PAYING FOR GRAFFITI UNTIL 2021
Messenger - Southern Times
Edition 0WED 24 MAY 2000, Page 001
By Stacy Farrar
What you do as a teenager can cost you until your middle
age. Stacy Farrar reports:
A GRAFFITI vandal guilty of more than 800 offences across the Onkaparinga
Council area will spend the next 21 years compensating the council for cleaning
up his damage.
The 18-year-old has been ordered into a direct debit scheme $25 will be
automatically taken out of his fortnightly youth allowance payments until 2021.
If he gets a job, the money will be taken out of his pay.
The youth was caught vandalising council property through special surveillance
cameras.
He admitted to the offences after being showed photographic and video evidence
of his crimes.
Onkaparinga asset maintenance manager Roger Saltmarsh said pursuing offenders
through the civil court, as a last resort, was proving successful.
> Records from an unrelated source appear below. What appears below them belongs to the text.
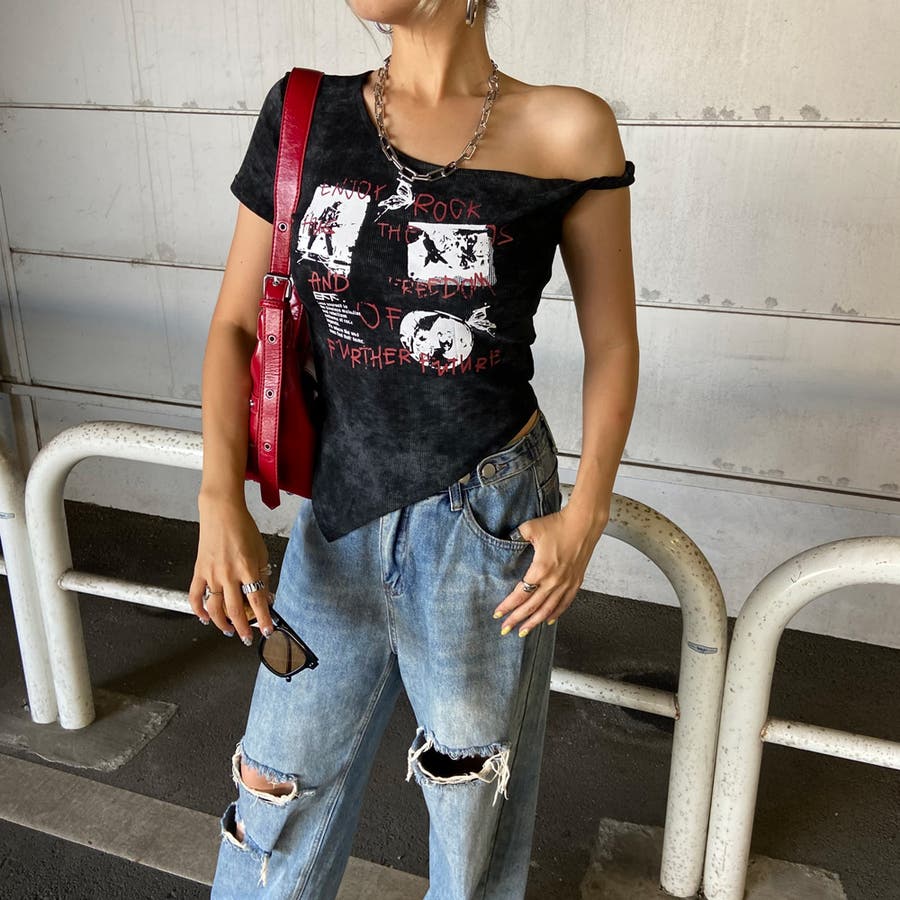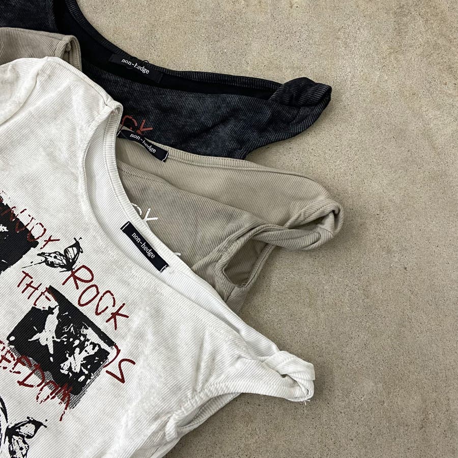ロックプリントイレヘムリブトップス
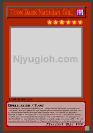 Toon Dark Magician Girl DARK / Spellcaster-Type Toon / Level 6 / ATK 2000 / DEF 1700 This card cannot be Normal Summoned or Set. This card can only be Special Summoned while "Toon World" is on your side of the field. You can Special Summon this monster from your hand, but Tributes are required for monsters Level 5 or more. When "Toon World" on the field is destroyed, this card is also destroyed. If your opponent doesn't control a Toon Monster, this card can attack your opponent's Life Points directly. If a face-up Toon Monster is on your opponent's side of the field, you must select the Toon Monster as an attack target. Increase the ATK of this card by 300 points for each "Dark Magician" or "Magician of Black Chaos" in either player's Graveyard. ULTRA RARE |
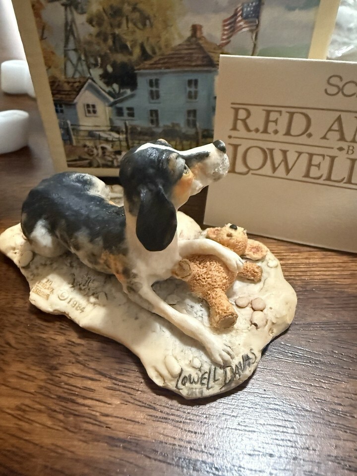 - LOWELL DAVIS RFD AMERICA COLLECTION 'OZARK BELLE' BEAGLE & TEDDY BEAR FIGURINE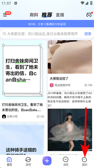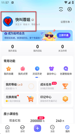 1、打開百度貼吧App,點擊底部導(dǎo)航欄的我的選項,進入個人頁面。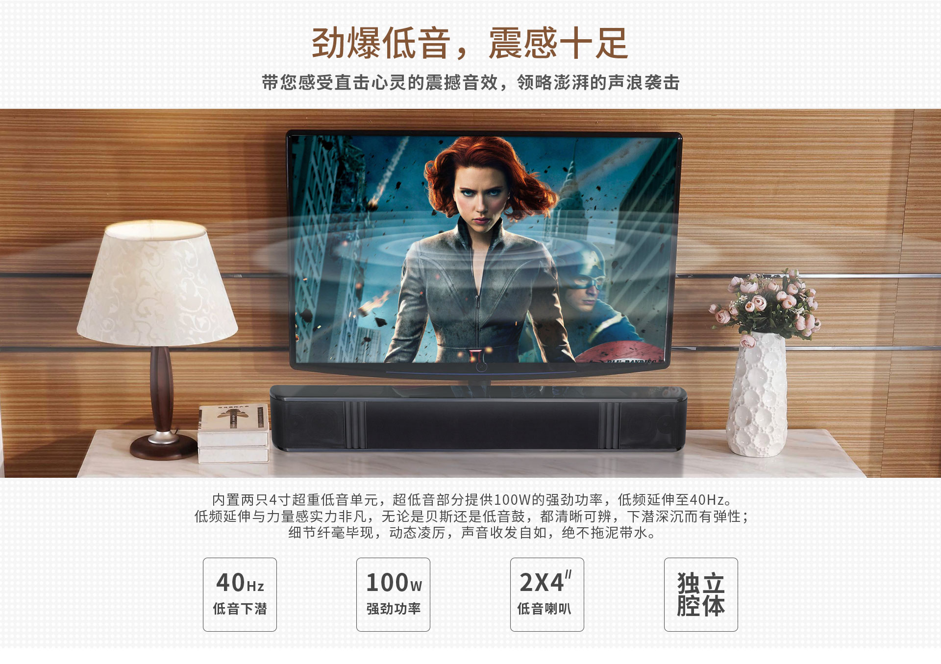三、主要功能表述 精巧按钮,品质源于细节:面板按键极少,五个精致圆形按键成环形排列,简洁自然!功放的主要功能可以通过精巧的按钮操控来实现。按钮与简洁洗练的面板融为一体,体现出设计师对于简约型和易用性的追求。 便捷设计中文显示,操作简单:2.8寸宽屏TFT彩屏显采示器,图形化操作界面,显示更细腻。全中文菜单,简单明了,操作方便外行也可快速上手。 单线缆连接,告别杂乱无章: 功放与音箱单线缆连接。只需一根多芯无氧铜铜线,就可以与音箱连接,无需与传统的家庭影院般的复杂走线,将连线缩减到一根,告别杂乱连线,即可还您干净整洁的家居环境。 精巧遥控,轻松惬意一手掌:配备小巧精致的红外接收遥控。纯黑色细腻拉丝工艺,柔软灵敏的橡胶按钮,触感细腻,手感极佳。可长距离,大范围接收信号,反应迅速,使用方便。 简约而不简单,不同材质的碰撞与融合:Soundbar两端采用一体式细孔金属网罩,中间高音部分采用布面网罩,箱体部分为黑色高亮烤漆。相同颜色,不同材质的碰撞与融合,形成不一样的设计风格,简约而不简单。
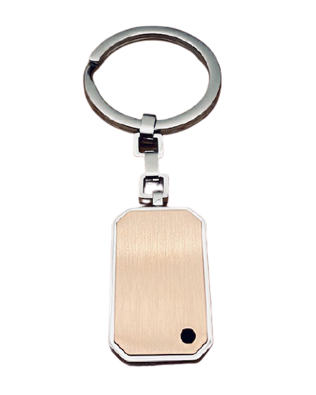 Portachiavi marca "Zancan" in acciaio con parte superiore a finitura satinata trattata pvd oro rosa e zircone nero. Possibilità di personalizzazione con una incisione a piacere . La targa misura 3x1,8 cm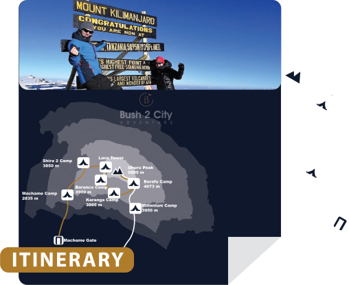 Bush to City Adventures offers two excellent options for your Kilimanjaro ascent: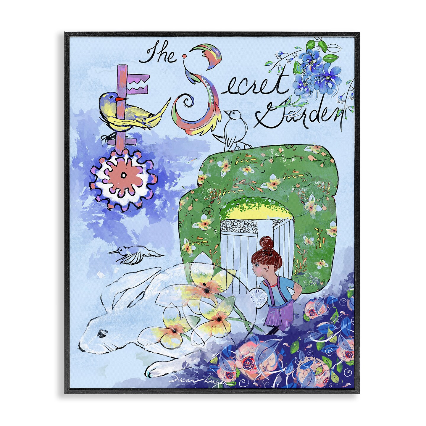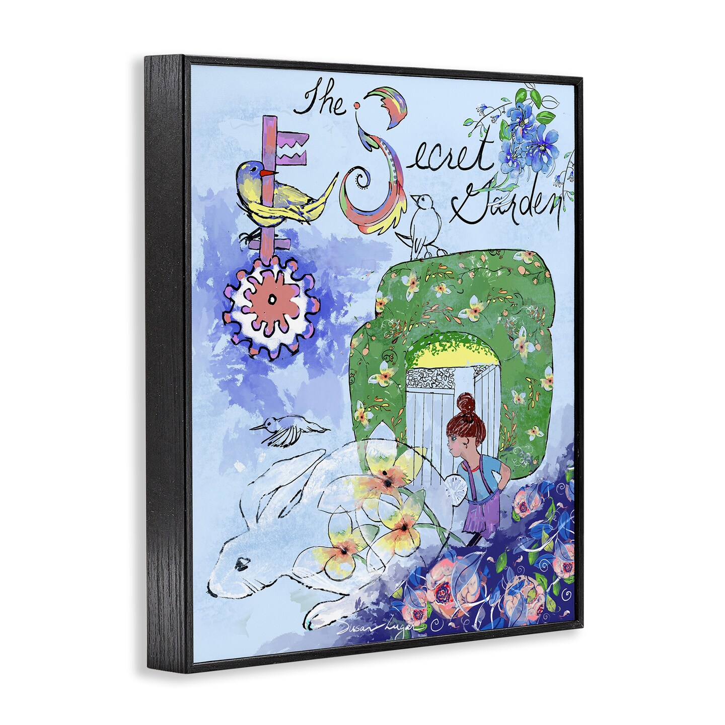 Stupell Industries Secret Garden Folk Illustration Framed Giclee, design by Susan Lugar

``In the language of the street, this is the deterrent that is actually getting
through to them,'' Mr Saltmarsh said.
``We hit them right in their own hip pocket.''
The council's security teams have caught 56 vandals; of these, nine have ended
up in court.
Mr Saltmarsh stressed that legal action only occurred after the nine refused to
work with the council's contracted counsellors, or agree to community service
work.
``They only finish up in court through non-cooperation, and failure to make any
efforts. If we're continually met with that then we sue them,'' he said.
Several of the nine were also paying small amounts through direct debit; other
cases were still to be heard in court.
Since introducing a cost recovery program in February 1998, the council has got
back more than $55,000 from vandals.
This is not counting the hundreds of hours of community service performed in
lieu of payment.
``We take them to the civil court because they award based on the damage, rather
than on the age of the offender,'' Mr Saltmarsh said.
``In the criminal court, firstly you're lucky if you get a conviction, and then
the maximum amount is only 10 per cent of costs.'' The cases are heard in the
minor claims court, not requiring costly lawyers.
``It proves the support for the program, that we're getting these successes
without legal representation,'' Mr Saltmarsh said.